⑮ 次の目的地
「さあ、鷹志。引き続き、次、行くわよ!」
意気揚々と由理子が言った。
「ええっ!?」
我が耳を疑う鷹志。
「なあに?」
「いや、さっき"一回だけ"って……。」
「そうよ。でも"一箇所だけ"とは言ってないわ。」
(ヤラレた。)鷹志は頭を抱えた。
彼女が義理の姉と慕う、雪子や京子の悪い影響が出ている。昔は、こんな"したたかな"女の子じゃなかったのに……。
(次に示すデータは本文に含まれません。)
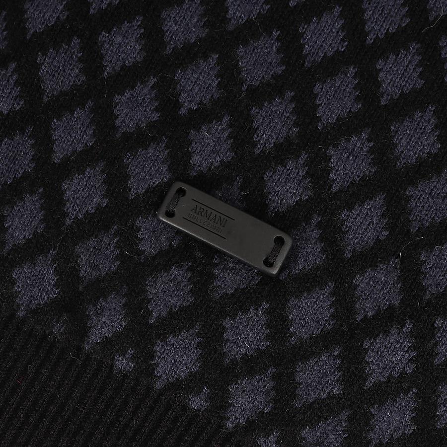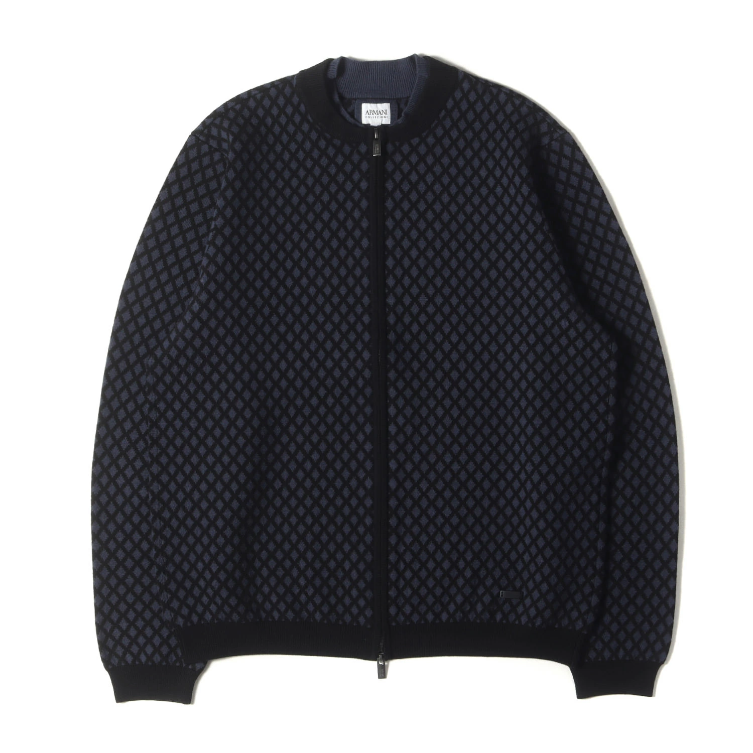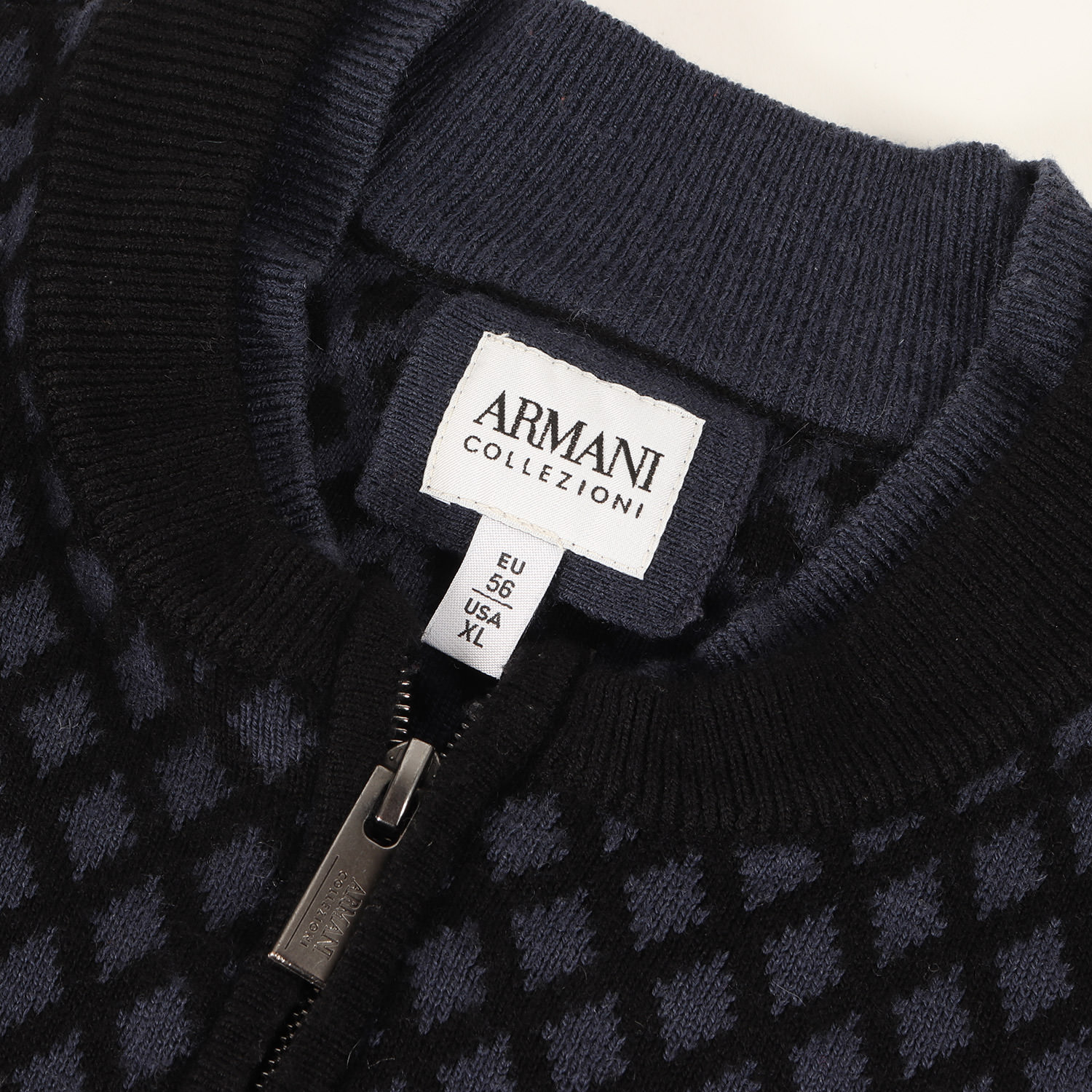 ARMANI COLLEZIONI Sweater in Navy and Black, Size XL | Diamond-Print Wool/Cashmere Full-Zip Knit Sweater | Men's Top | Pre-owned | Excellent Condition | K4619

「……だって、次はいつデートしてもらえるのか、分かんないじゃん?」
(うん、確かにそれもそうか。)鷹志はアッサリ諦めた。
「次は、私好みの調査対象ね?じゃあ、座標を入力しま〜す。」
由理子はそう言って、以下のように打ち込んだ。
西暦1983年5月1日
時刻08時00分
北緯01度21分
東経17度08分
(何だか、赤道に近い、暑そうな座標だな。)
鷹志は思わず、そんな事を考えた。
「それでは、連続ジャンプに出発!」
上機嫌の彼女はそう言うと、時空転位装置のスイッチを入れた。
赤いビートルの移動先は、コンゴ共和国リクアラ県のテレ湖上空だった。辺り一面、見渡す限りのジャングルだ。鷹志は何となく、調査対象が分かった気がした。
「調査対象は、モケーレ・ムベンベよ。」由理子が言った。
「……やっぱり。」鷹志もそう言った。
「なあに?予想出来てた?」ゴキゲンな由理子。
「ああ、座標から、何となく。それに以前、ネッシーに関わった事も有るって言ってたし。」
「そうなの。あの時は、大変だったわあ。ここの子は、元気だとイイんだけど……。」
そんな話をしながら、二人で眼下の湖を見ると、ちょうど岸辺に、探検隊らしき一団がやって来ていた。よく見ると、先頭には、立派なテレビカメラを担いでいる者まで居る。"水曜スペシャル"の"川口浩探検隊"かな?彼等の本気度が窺えるが、見つけて欲しくない気もして来る。
「ああ、確かに居るわ。水中に、大きな……全長10mくらいの子が。上空からでもしっかり感じる。」
"動物使い"の由理子が呟いた。
が、鷹志の目では、まだ確認出来ない。
そのうちに、湖面の中央付近が盛り上がり、水中から、大きなゾウの鼻のようなモノが現れた。だがよく見ると、その鼻の先辺りに、しっかりと、目・口・鼻が有る。間違い無い。アレは竜脚類の首だ。モケーレ・ムベンベだ!